Wednesday, 24 June 2009

What do bibliometrics actually add to research evaluation?

Firstly, the reason that I haven't posted in an age is that I've been in Norway, interpreting seismic data for the new project I'm working on. Hopefully I can now post a bit more regularly, as I should actually be in Manchester for a few consecutive weeks, for the first time this year.

Regular readers will know that I like to whinge about the increasing use of statistical indicators (bibliometrics) to evaluate research performance. Previously in England, research performance has been evaluated by the Research Assessment Exercise, a cumbersome and involved system based around expert peer review of research. Currently, HEFCE (the body that decides how scarce research funding is allocated to English universities) is looking into replacing this with a cumbersome and involved system based around bibliometrics and "light-touch" peer review. To this end, a pilot exercise using bibliometrics and including 22 universities has been underway. An interim report on the pilot is now available.

Essentially, three approaches have been evaluated:

i) Based on institutional addresses: here papers are assigned to a university based on the addresses of the the authors, as stated in the paper. This would be cheap to do, as it would need no input from the universities.

ii) Based on all papers published by authors. In this approach, all papers written by staff selected for the 2008 RAE were identified. This requires a lot of data to be collected.

iii) Based on selected papers published by authors. Again, this approach used all staff selected for the 2008 RAE, but only used the most cited papers.

For each approach, the exercise was conducted twice: once using the Web Of Science (WoS) database, and once using Scopus. The results were then compared with those from the 2008 RAE.
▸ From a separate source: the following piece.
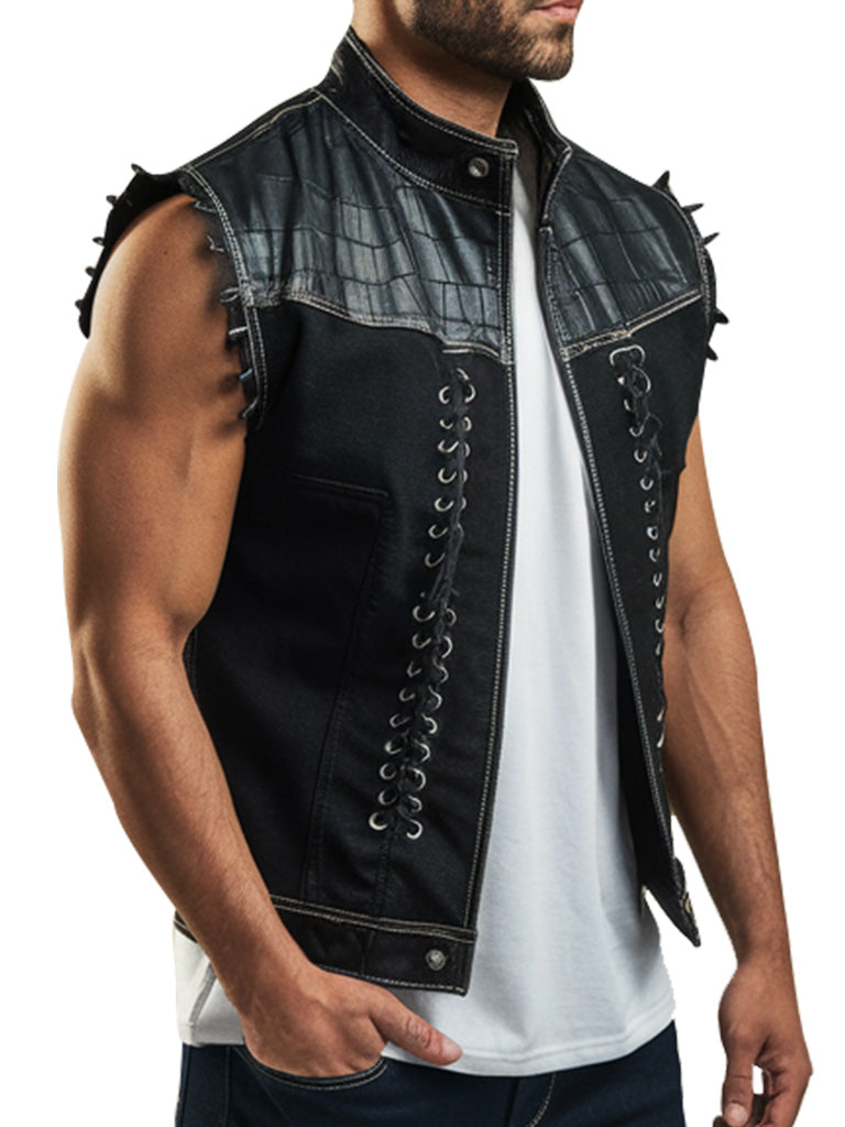 Upgrade your wardrobe with this striking Men's Black Crocodile-Embossed Leather Panel Vest, a perfect fusion of rugged style and modern detailing. This sleeveless vest features crocodile-embossed leather panels across the shoulders for a textured finish, complemented by durable side lacing that adds both flair and a tailored fit. The high-quality craftsmanship ensures durability and comfort, making this vest ideal for bikers, musicians, or anyone looking to elevate their streetwear. With its sharp design and edgy appeal, this vest makes a bold statement while offering versatile wearability.

Well, the results are interesting, if you like this sort of thing. It is clear that the results can be very different from those provided by the RAE, whichever method was used, although the "selected papers" method tends to give the closest results. It is also notable that the two different databases give different results, sometimes radically so; Scopus seems to consistently give higher values than WoS. Workers in some fields complained that they made more use of other databases, such as the arXiv or Google Scholar (it's worth noting that the favoured databases are proprietary, while the arXiv and Google Scholar are publically accessible).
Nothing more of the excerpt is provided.